A few weeks ago freshman Senator Ben Sasse from Nebraska made what is called his “maiden speech” on the Senate floor, and it was a thoughtful critique of the Senate’s rules and the partisan arguments that the body has devolved to.

He cited a number of Senate icons: Daniel Patrick Moynihan, who Sasse praised for his curious nature; Margaret Chase Smith, who was unafraid to question those in her own party – even when she agreed with them on principle; and Robert Byrd, who cared most about the Senate as an institution. I realize this is about a 30-minute speech, but you can break away from the Ravens or Redskins game today to take the time to listen – and avoid having the foibles of those two losing teams spike your blood pressure.

In all seriousness, though, two of the points Sasse makes regard the constant travel and fundraising as well as the reflexive talking points they need to recite to create soundbites for the voters back home.
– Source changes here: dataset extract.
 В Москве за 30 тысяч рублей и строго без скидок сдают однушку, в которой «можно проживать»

It’s really not supposed to be that way, and to me Sasse’s speech can be part of an argument I have made over the last several years.

When you consider what the legislative branch was originally supposed to be, it’s clear that the House was supposed to be of the people, who, if they found out the person they sent to represent them was a scoundrel, only had to wait two years to toss them out. To those who argued at our formation, it seemed like an appropriate enough time for representatives to establish themselves and still be accountable.
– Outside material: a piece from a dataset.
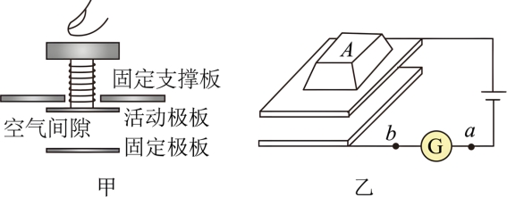 B.按键的过程中,图乙电流计中电流从a流向b

On the other hand, Sasse notes that an argument was made by some of the writers of the Constitution that Senators should have lifetime terms. As it was, they agreed Senators should have lengthier tenures of six years.

Yet the key differences between the House and Senate as originally applied was the latter’s equal representation from each state and their selection by the respective state legislatures rather than the voters. Each state, regardless of population, was entitled to two members of the Senate – it was the result of a compromise between larger states which thought they should have a larger share of the say in our affairs and smaller states which felt like they should get their voices heard as well. Thus, little Delaware and its fewer than 60,000 inhabitants at the time would have equal status in one house of the legislature with Virginia, which had a population over ten times greater. While we now have the concept of one person, one vote for our states to abide by in all their legislative bodies, including their equivalents to the national House and Senate, the Senate was excepted.
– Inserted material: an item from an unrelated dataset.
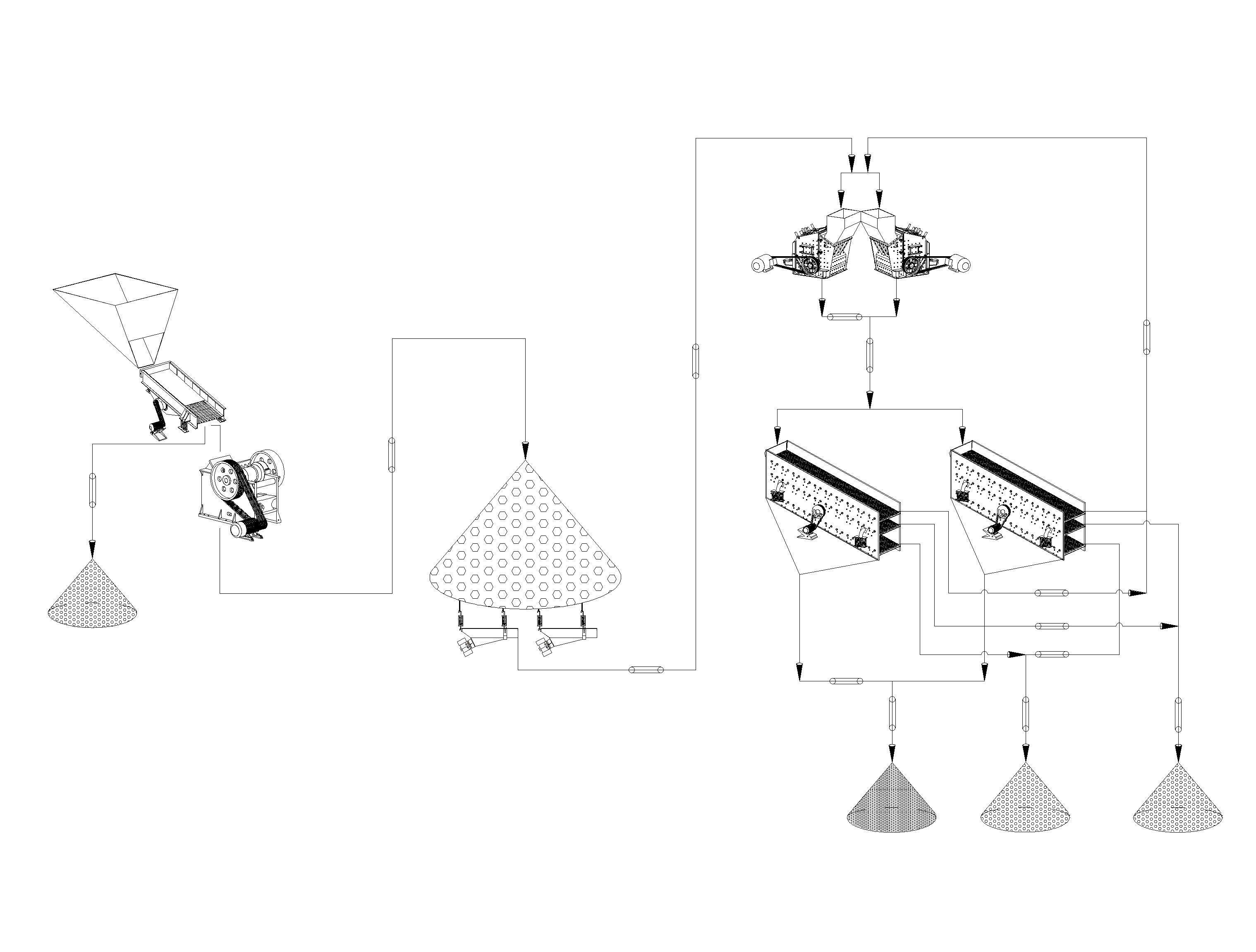 首先开采的鹅卵石通过振动筛进行筛分,将细小的符合要求的通过洗砂机直接制成成品料、不满足粒度要求的先通过颚式破碎机进行一级破碎,然后通过皮带机送入到圆锥破中进行二级破碎,破碎后的物料再次通过振动筛进行筛分,符合要求的通过洗砂机进行洗砂,不符合的物料通过皮带机送入到鹅卵石德赢vwin8868官网中进行制砂、整形。再由振动筛进行筛分,降符合要求粒度大小的物料进行洗砂,不符合要求的物料再次通过鹅卵石德赢vwin8868官网进行循环破碎,终得到成品物料。

Prior to the adoption of the Seventeenth Amendment in 1913, the Senate was inhabited by whichever two people the state legislature deemed worthy for the job – thus, you had statesmen and scoundrels alike, with absenteeism an ongoing issue. As part of the Progressive movement of the early twentieth century, direct election of Senators by the people was proposed and ratified. Fast forward a century and what do you find? Statesmen and scoundrels, who now have to hustle for campaign cash to be re-elected every six years and don’t always show up, either. While the argument can be made that the Senate is far more accountable now, it doesn’t seem to give the people any more faith in Congress. So why not revert back to the old way?

For one thing, we’ve seen the interests of states recede in our political system. More and more, the states are becoming simple lines on a map that give out different colored license plates because the federal government runs roughshod over their interests. Indeed, there is a Constitutional supremacy of the federal government but this should stop at affairs each state should be equipped to handle on its own.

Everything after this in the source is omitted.